(Beginning of Input data)

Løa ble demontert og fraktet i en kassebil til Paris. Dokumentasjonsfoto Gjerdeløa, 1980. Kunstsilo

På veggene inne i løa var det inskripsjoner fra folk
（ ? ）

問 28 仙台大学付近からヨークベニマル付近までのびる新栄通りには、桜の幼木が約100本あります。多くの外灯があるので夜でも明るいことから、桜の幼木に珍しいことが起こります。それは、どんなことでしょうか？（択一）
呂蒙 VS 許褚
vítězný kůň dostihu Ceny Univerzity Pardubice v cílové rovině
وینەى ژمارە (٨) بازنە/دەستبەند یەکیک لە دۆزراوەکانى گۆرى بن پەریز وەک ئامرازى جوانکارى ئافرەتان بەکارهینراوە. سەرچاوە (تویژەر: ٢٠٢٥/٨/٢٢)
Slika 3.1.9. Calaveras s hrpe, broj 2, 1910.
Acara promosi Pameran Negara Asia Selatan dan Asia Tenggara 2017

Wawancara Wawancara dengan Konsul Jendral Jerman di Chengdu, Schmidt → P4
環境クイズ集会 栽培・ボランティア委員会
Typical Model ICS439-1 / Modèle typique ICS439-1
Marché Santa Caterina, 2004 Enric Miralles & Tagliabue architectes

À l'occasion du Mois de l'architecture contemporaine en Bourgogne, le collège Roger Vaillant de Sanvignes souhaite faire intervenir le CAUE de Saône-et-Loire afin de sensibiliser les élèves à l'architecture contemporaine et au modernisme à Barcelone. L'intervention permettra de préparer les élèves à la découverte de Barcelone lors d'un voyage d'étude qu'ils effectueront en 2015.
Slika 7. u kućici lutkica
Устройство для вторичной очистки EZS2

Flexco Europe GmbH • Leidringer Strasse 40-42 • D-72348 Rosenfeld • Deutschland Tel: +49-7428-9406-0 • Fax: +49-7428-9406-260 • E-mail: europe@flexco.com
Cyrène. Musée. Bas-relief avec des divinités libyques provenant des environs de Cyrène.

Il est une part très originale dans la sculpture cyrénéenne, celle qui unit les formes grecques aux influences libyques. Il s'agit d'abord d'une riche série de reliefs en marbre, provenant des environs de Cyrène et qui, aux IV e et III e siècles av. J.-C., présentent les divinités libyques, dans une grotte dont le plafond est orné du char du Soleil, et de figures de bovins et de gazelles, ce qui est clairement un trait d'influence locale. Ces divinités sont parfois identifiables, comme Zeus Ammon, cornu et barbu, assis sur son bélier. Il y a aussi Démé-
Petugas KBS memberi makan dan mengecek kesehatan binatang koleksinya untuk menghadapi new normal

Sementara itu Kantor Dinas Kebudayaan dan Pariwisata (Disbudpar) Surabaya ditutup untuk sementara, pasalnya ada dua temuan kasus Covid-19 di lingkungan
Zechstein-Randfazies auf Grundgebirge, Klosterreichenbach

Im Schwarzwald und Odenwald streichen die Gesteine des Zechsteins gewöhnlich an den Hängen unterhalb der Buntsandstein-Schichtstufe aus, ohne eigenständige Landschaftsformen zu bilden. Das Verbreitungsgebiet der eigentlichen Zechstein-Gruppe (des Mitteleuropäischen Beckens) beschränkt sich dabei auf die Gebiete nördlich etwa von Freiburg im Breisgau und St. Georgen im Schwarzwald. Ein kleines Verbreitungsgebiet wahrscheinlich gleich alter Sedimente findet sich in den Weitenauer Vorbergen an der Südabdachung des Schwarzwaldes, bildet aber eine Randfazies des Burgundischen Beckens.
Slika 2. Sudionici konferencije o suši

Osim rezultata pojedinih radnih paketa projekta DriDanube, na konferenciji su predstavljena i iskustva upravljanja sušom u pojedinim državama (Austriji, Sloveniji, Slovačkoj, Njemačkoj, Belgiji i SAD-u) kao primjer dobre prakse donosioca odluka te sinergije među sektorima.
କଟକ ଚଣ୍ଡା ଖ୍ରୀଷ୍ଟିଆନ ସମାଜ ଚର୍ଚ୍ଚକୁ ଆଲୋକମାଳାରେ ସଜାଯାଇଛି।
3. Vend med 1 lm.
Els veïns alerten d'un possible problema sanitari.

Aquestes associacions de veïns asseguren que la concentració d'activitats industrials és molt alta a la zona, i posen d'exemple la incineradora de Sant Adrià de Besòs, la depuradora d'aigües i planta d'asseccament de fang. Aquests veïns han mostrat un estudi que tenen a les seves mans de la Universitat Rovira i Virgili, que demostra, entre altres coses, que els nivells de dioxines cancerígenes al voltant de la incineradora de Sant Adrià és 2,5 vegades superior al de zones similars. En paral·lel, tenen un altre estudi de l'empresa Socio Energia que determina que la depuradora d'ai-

(End of Input data)

> **Task instructions**:
What you write must be the entries restated word for word, from the opening line through the one holding "Petugas KBS memberi", with nothing else.

> **Task solution**:
Løa ble demontert og fraktet i en kassebil til Paris. Dokumentasjonsfoto Gjerdeløa, 1980. Kunstsilo

På veggene inne i løa var det inskripsjoner fra folk
（ ? ）

問 28 仙台大学付近からヨークベニマル付近までのびる新栄通りには、桜の幼木が約100本あります。多くの外灯があるので夜でも明るいことから、桜の幼木に珍しいことが起こります。それは、どんなことでしょうか？（択一）
呂蒙 VS 許褚
vítězný kůň dostihu Ceny Univerzity Pardubice v cílové rovině
وینەى ژمارە (٨) بازنە/دەستبەند یەکیک لە دۆزراوەکانى گۆرى بن پەریز وەک ئامرازى جوانکارى ئافرەتان بەکارهینراوە. سەرچاوە (تویژەر: ٢٠٢٥/٨/٢٢)
Slika 3.1.9. Calaveras s hrpe, broj 2, 1910.
Acara promosi Pameran Negara Asia Selatan dan Asia Tenggara 2017

Wawancara Wawancara dengan Konsul Jendral Jerman di Chengdu, Schmidt → P4
環境クイズ集会 栽培・ボランティア委員会
Typical Model ICS439-1 / Modèle typique ICS439-1
Marché Santa Caterina, 2004 Enric Miralles & Tagliabue architectes

À l'occasion du Mois de l'architecture contemporaine en Bourgogne, le collège Roger Vaillant de Sanvignes souhaite faire intervenir le CAUE de Saône-et-Loire afin de sensibiliser les élèves à l'architecture contemporaine et au modernisme à Barcelone. L'intervention permettra de préparer les élèves à la découverte de Barcelone lors d'un voyage d'étude qu'ils effectueront en 2015.
Slika 7. u kućici lutkica
Устройство для вторичной очистки EZS2

Flexco Europe GmbH • Leidringer Strasse 40-42 • D-72348 Rosenfeld • Deutschland Tel: +49-7428-9406-0 • Fax: +49-7428-9406-260 • E-mail: europe@flexco.com
Cyrène. Musée. Bas-relief avec des divinités libyques provenant des environs de Cyrène.

Il est une part très originale dans la sculpture cyrénéenne, celle qui unit les formes grecques aux influences libyques. Il s'agit d'abord d'une riche série de reliefs en marbre, provenant des environs de Cyrène et qui, aux IV e et III e siècles av. J.-C., présentent les divinités libyques, dans une grotte dont le plafond est orné du char du Soleil, et de figures de bovins et de gazelles, ce qui est clairement un trait d'influence locale. Ces divinités sont parfois identifiables, comme Zeus Ammon, cornu et barbu, assis sur son bélier. Il y a aussi Démé-
Petugas KBS memberi makan dan mengecek kesehatan binatang koleksinya untuk menghadapi new normal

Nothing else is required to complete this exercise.